In this example, transparency has been used to fade out the secondary data series and draw attention to the key data. Color coordinated annotations have been used to describe the main message that is being delivered.
Creating explanatory data visualizations with everviz
- Identify your key message
- Select the data needed to illustrate this message
- Consider options for reducing data overload (e.g., grouping categories together)
- Create your visualization based using the simplified data (ensuring you haven’t removed anything that changes the output of the message or the conclusion)
- Use everviz features to tell your story effectively. For example, you might:
- Use color or font to highlight important fields and to fade out others
- Add text to deliver the key message clearly (title, subtitle, labels, annotations, etc.)
- Adjust the format to draw attention to key elements of the chart
In this example, a green color scheme has been used to highlight the renewable energy sources. everviz annotation features have been used to explain the key message that the USA is still reliant on fossil fuels for energy production.
Limitations of explanatory data visualizations
There are a few potential pitfalls to be aware of when creating explanatory data visualizations:
- By focusing on a single key message, other data can become obscured or more difficult to read and interpret.
- If data is hidden or obscured, this might make the message appear to be biased
- Some readers may not want to take the message at face value, they might prefer to see the data backs up the findings
These issues can be avoided with good design.
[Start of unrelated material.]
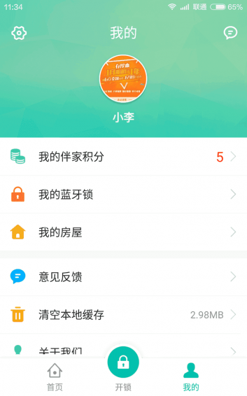 5、我的:個人在線參加小區(qū)活動,管理藍牙鎖、房屋,和平臺進行互動等。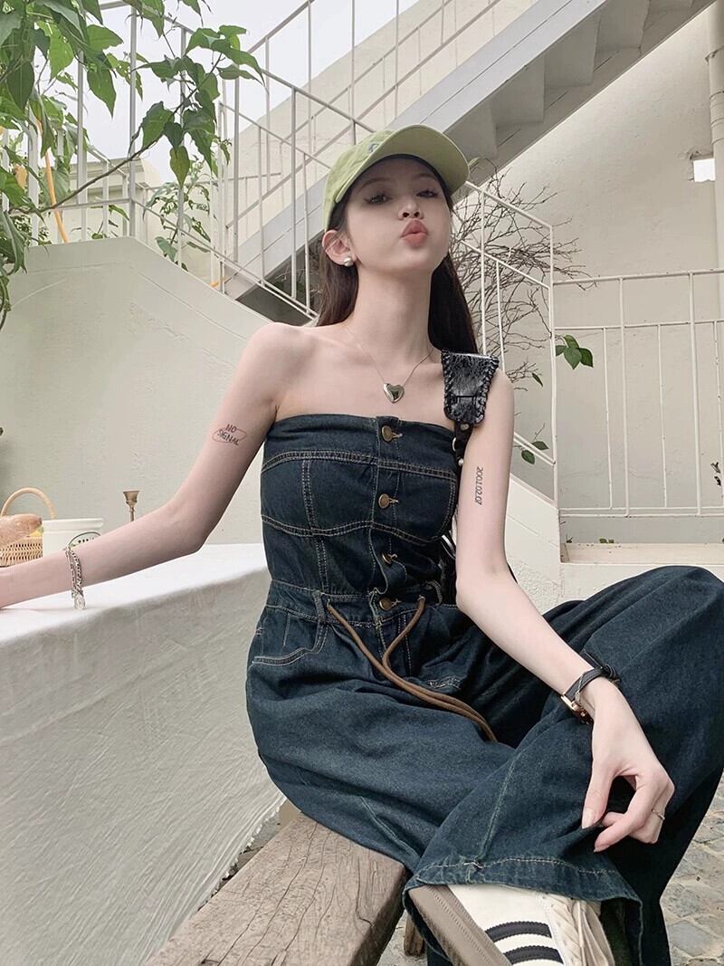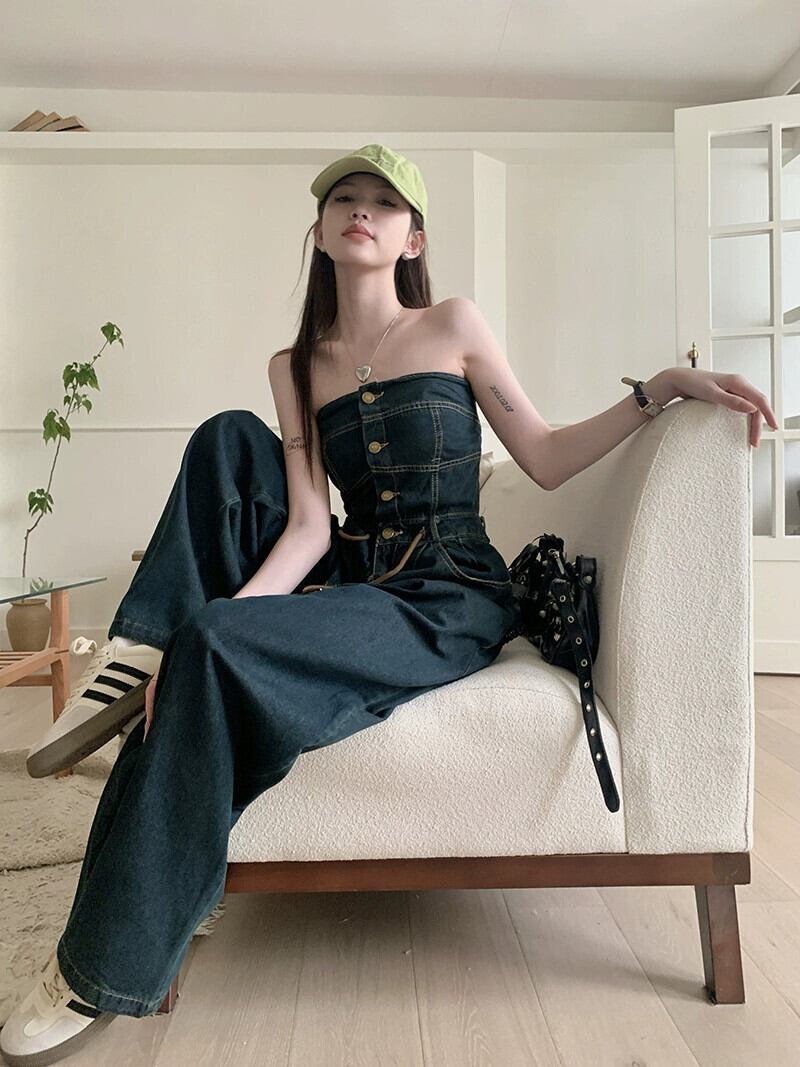 香港スタイルのレトロなチューブトップデニムジャンプスーツの女性の夏ハイウエストストラップストレートパンツワイドレッグモップジャンプスーツパンツ ハイウェスト サマー 夏物 ワイドパンツ bstraw91394136933 | beaute25

A good explanatory data visualization will deliver the key message without obscuring the data behind it. everviz features can help you to achieve this balance. For example, you might choose to retain supporting data but use different format techniques to draw attention to the most important features.
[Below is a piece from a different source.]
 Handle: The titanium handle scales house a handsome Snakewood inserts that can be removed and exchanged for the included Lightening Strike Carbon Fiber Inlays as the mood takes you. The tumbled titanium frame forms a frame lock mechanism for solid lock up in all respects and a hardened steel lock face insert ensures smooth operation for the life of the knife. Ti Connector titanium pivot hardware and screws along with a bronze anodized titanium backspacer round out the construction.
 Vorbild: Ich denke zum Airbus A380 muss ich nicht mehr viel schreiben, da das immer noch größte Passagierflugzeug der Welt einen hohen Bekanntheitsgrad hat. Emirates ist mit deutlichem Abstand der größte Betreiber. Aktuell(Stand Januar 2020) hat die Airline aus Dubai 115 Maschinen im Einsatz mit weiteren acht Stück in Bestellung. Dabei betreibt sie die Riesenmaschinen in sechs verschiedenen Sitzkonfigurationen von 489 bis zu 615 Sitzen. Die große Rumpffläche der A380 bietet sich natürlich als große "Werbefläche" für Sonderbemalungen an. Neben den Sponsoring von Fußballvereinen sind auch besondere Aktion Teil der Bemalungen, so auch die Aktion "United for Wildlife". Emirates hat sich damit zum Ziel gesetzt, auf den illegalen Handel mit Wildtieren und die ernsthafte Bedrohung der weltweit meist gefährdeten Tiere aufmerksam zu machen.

You can also use everviz tools like tooltips to deliver additional information without detracting from the key message.
However, you should assume that any ‘hidden’ features just as those requiring a click, selection, or mouse-hover, might be missed or inaccessible. These should not be relied on as a sole means of delivering information.
It is important to be aware that what might be obvious and intuitive on one device, might not be accessible on another. As well as differences between device capabilities (e.g., mouse vs touchscreen), users may also have other accessibility needs (for example, they may use screen readers) or have restricted internet connectivity.
However, these issues can be combated through good design ensuring that use of interactive features remains optional. everviz can help you to develop high-quality explanatory visualizations that can contain all the necessary data without detracting from the overall delivery of the key message.
In this example, the everviz annotation tool has been used to indicate that more information can be gained by using the tooltip tool. However, the tooltip only contains non-essential supporting data which is not needed to understand the chart.
Exploratory Data Visualizations are usually used behind the scenes as part of the data analysis and interpretation phase.
Explanatory Data Visualizations are charts or graphs that are used to inform others about the results. A good Explanatory Data Visualization will be designed to deliver the key message clearly but accurately.
When creating visualizations, it is important to adapt to the needs of the audience and to ensure that the key message is accessible to all users.
everviz provides many features that can help you design high quality Explanatory Data Visualizations which are ideal for sharing your data or findings with your audience.